══ DATA BLOCK ══

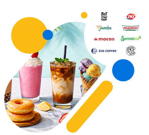 • Participating merchants: Bo's Coffee • Dairy Queen • Jamba Juice • Krispy Kreme • Macao Imperial Tea • Serenitea • The Coffee Bean and Tea Leaf • ZUS Coffee
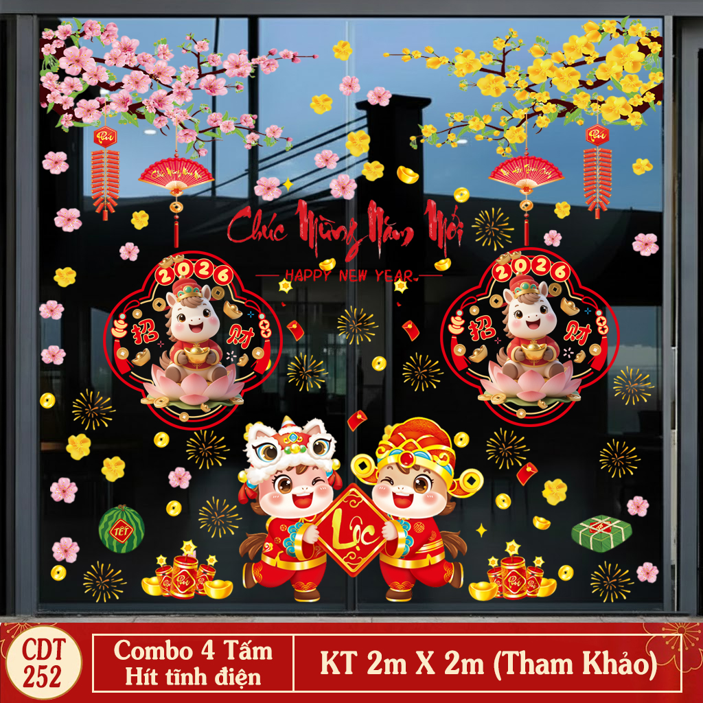 Decal Tết 2026 hít tĩnh điện combo 4 tấm – mã CDT252 mang phong cách tươi vui, rực rỡ với hình ảnh bé phát tài ôm thỏi vàng, chữ Lộc may mắn, kết hợp hoa mai vàng – hoa đào hồng tượng trưng cho phúc – lộc – thịnh vượng đầu năm mới.
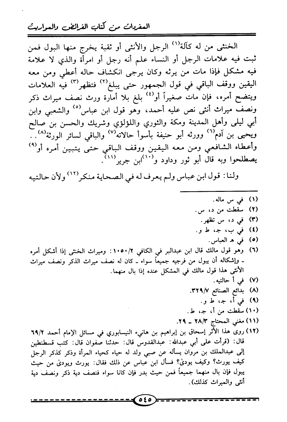 (¬12) روى هذا الأثر إسحاق بن إبراهيم بن هانئ النيسابوري في مسائل الإِمام أحمد 2/ 69 قال: (قرأت على أبي عبد الله: عبد القدوس قال: حدثنا صفوان قال: كتب قسطنطين إلى عبد الملك بن مروان يسأله عن صبي ولد له حياء كحياء المرأة وذكر كذكر الرجل كيف يورث؟ وكيف يودى؟ فسأل ابن عباس عن ذلك فقال: يورث ويودى من حيث يبول فإن بال منهما جميعًا فمن حيث بدر فإن كانا سواء فنصف دية ذكر ونصف دية أنثى والميراث كذلك).

═══

→ ACTIVITY:
Any picture in the listing above gets left out; output the rest exactly.

→ YOUR RESPONSE:
 • Participating merchants: Bo's Coffee • Dairy Queen • Jamba Juice • Krispy Kreme • Macao Imperial Tea • Serenitea • The Coffee Bean and Tea Leaf • ZUS Coffee
 Decal Tết 2026 hít tĩnh điện combo 4 tấm – mã CDT252 mang phong cách tươi vui, rực rỡ với hình ảnh bé phát tài ôm thỏi vàng, chữ Lộc may mắn, kết hợp hoa mai vàng – hoa đào hồng tượng trưng cho phúc – lộc – thịnh vượng đầu năm mới.
 (¬12) روى هذا الأثر إسحاق بن إبراهيم بن هانئ النيسابوري في مسائل الإِمام أحمد 2/ 69 قال: (قرأت على أبي عبد الله: عبد القدوس قال: حدثنا صفوان قال: كتب قسطنطين إلى عبد الملك بن مروان يسأله عن صبي ولد له حياء كحياء المرأة وذكر كذكر الرجل كيف يورث؟ وكيف يودى؟ فسأل ابن عباس عن ذلك فقال: يورث ويودى من حيث يبول فإن بال منهما جميعًا فمن حيث بدر فإن كانا سواء فنصف دية ذكر ونصف دية أنثى والميراث كذلك).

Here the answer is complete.